Software Patch Management for Maximum Linux Security
Linux Patch Management
Maximum Linux security with proper software patch management
Software upgrades are almost as old as the first lines of software code. Still companies struggle to properly update software, also when it comes to security patching. In this article we have a look at the reason behind patching and some methods to keep your systems humming, with fresh packages.
To most of us, it instantly makes sense to keep the software on your systems up-to-date. But still, sometimes we have to explain others why we do actually need a process to apply software updates and patches.
The most important reasons to keep software up-to-date are:
- Fixes to known software bugs
- Enhancements (new features or small improvements)
- Solve security issues and vulnerabilities
Each Linux based system is running the Linux kernel, together with supporting tools. These tools are collected by the distribution you are running. It is the vendor of this distribution which is responsible for tracking software updates. Depending on how “aggressive” the Linux distribution is, it may include many packages and updates, or be more conservative.
Bleeding Edge VS Stable
Arch Linux is one in the first group, being “bleeding edge”. It is much more progressive to include newer software packages. Red Hat on the other hand wants their customers to run very stable machines. Therefore they won’t add new features to an existing version, however will solve major bugs and security vulnerabilities. The result is older versions of the same software packages. Both have their advantages and clearly their disadvantages. In any case, all distributions have to track security updates, so they can provide patches.
For Linux patch management there are several different tools available. In categories they would be:
- Manual Patching
- Shell Scripts
- Automation & Configuration Tools
- Software Management Tools
The most basic form of security patching is by hand. Simply running commands like apt-get update and yum update. The clear disadvantage is that this form is the most time consuming. This form of patching is prone to mistakes, as each system is different, especially with a stacked up amount of patches.

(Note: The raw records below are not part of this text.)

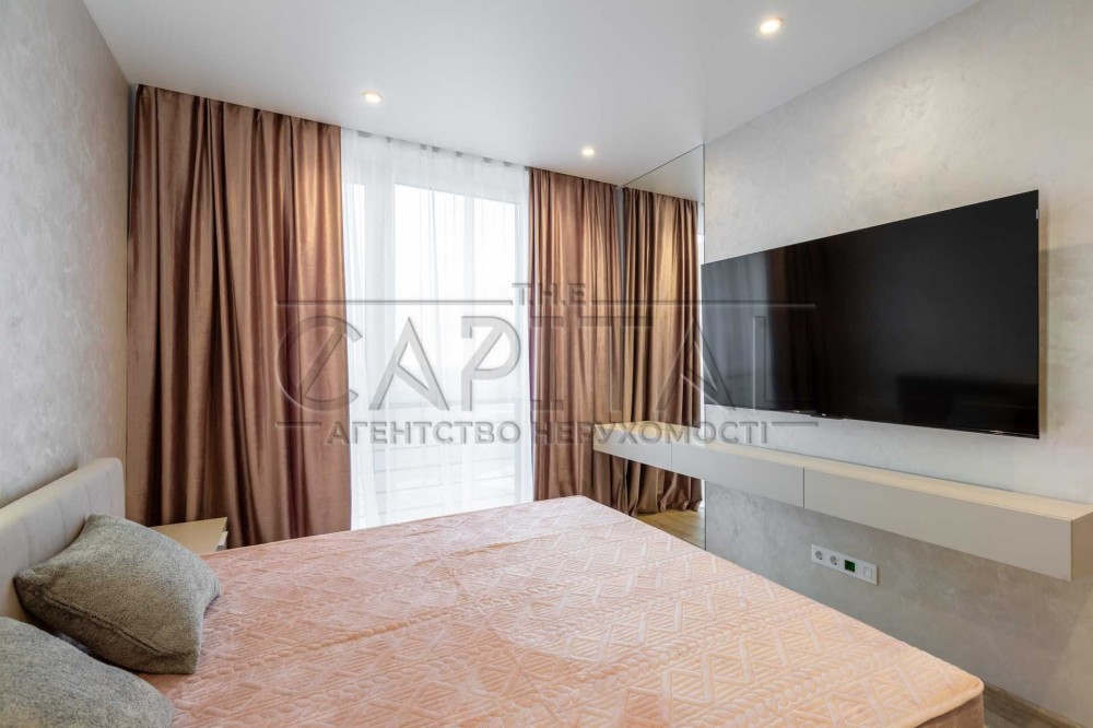 Ліжко 180х200, панно з підсвічуванням, шафа, телевізор 65”, будуарний куточок із дзеркалом у підлогу.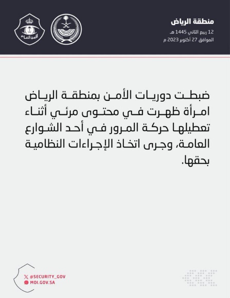 الأمن العام بالعاصمة السعودية الرياض، ألقى القبض على السيدة المصرية، ووجه لها تهم تعطيل حركة المرور في أحد الشوارع العامة، وجرى اتخاذ الإجراءات النظامية بحقها.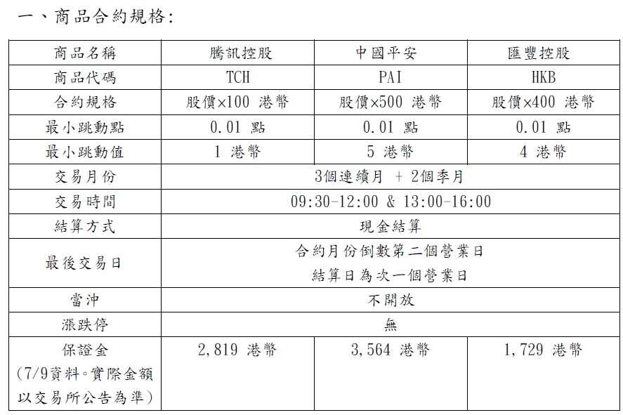 >>更多港交所期貨教學請點此【恆生指數期貨&H股指數期貨 合約規格教學保證金】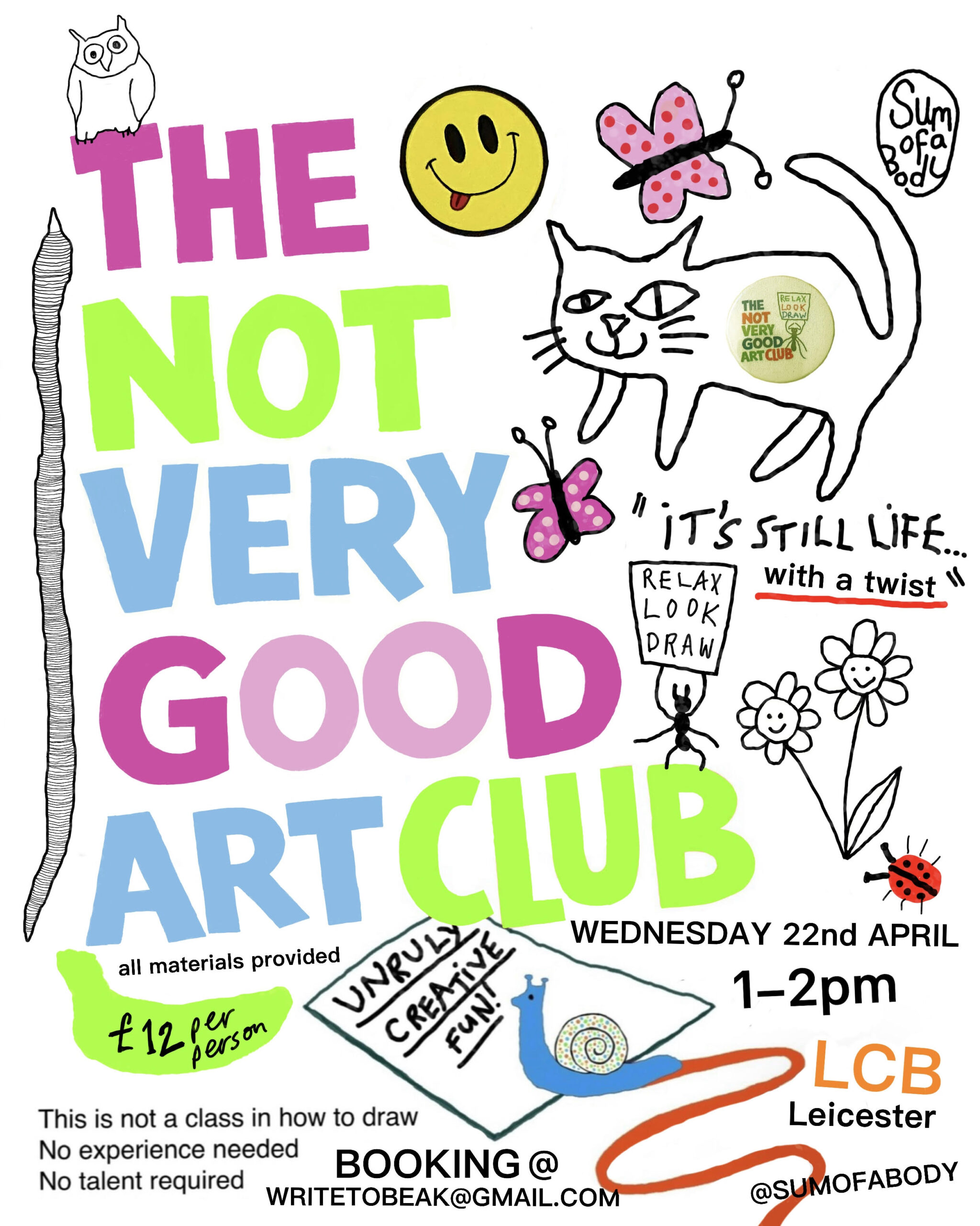 I’m not a teacher and this isn’t a traditional art class. There will be no correcting, no expectation and no pressure. Just unruly creative fun! All materials are provided.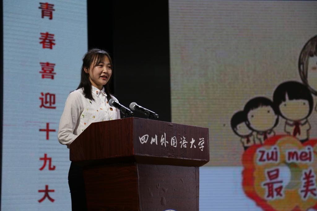 中文系2013级本科生、推荐免试攻读复旦大学研究生、2016年四川外国语大学红岩十佳青年勤奋好学好青年代表:冯鲸洁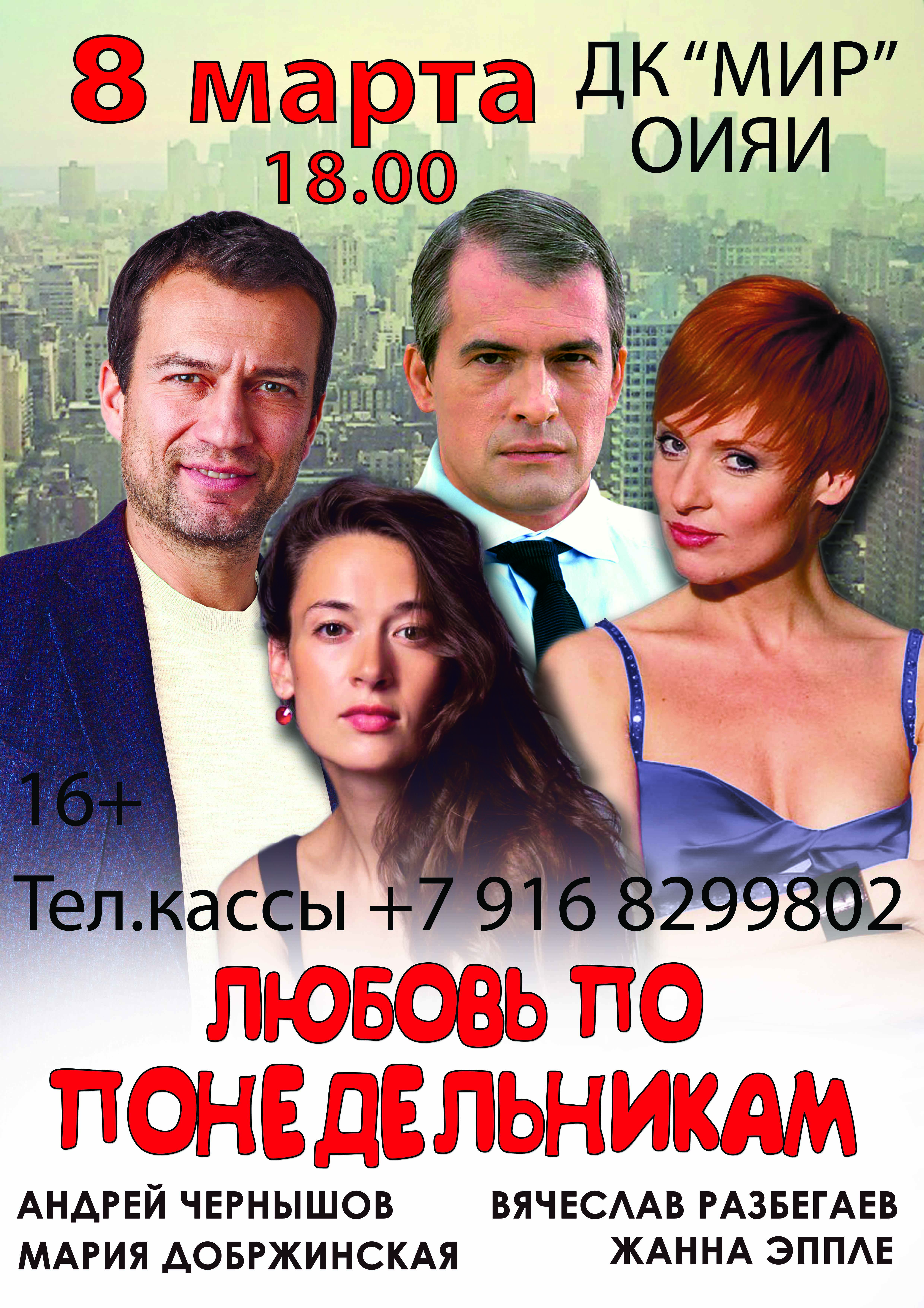 8 марта 2019 года, в 18:00 часов Дом культуры «Мир» ОИЯИ приглашает на Спектакль «Любовь по понедельникам».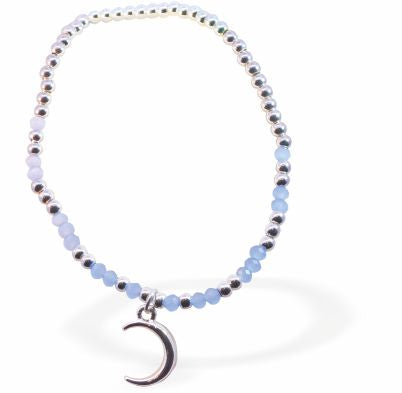 BR58 - Stretch Bracelet With Light Blue Mix Beads and Moon Charm

The next level of patching is using small scripts. It could be a small script, which automates several steps of the patching process. By distributing the same script to multiple machines, it ensures some level of repeatability, which equals quality.
Automation & Configuration Tools
Tools like Ansible, Chef or Puppet can help with automating the security patch management. Simply feed the tool an update command, or what minimum version a software package should be.
Software Management Tools
Last but not least, most Linux vendors provide their own solution for managing software packages. It shows the installed packages and marks what packages have a security bulletin attached. Ubuntu has Landscape product, Red Hat has Satellite (see screenshot below).
Depending on your situation, you might want to subscribe to a security related mailing list. This might be a generic one tracking software on Linux, or even a distribution specific list for security. Even if you have your patch management automated, you might want to perform regular audits. A small adjustment in your network configuration might result in non-patched systems, which with the right tool can be easily detected.
Most package managers support automatic updating, or have supporting tools available to make this possible. For example the unattended-upgrades package helps to keep Debian/Ubuntu up-to-date. It is even possible to define what repositories should be used, so you give it a “security updates only” policy.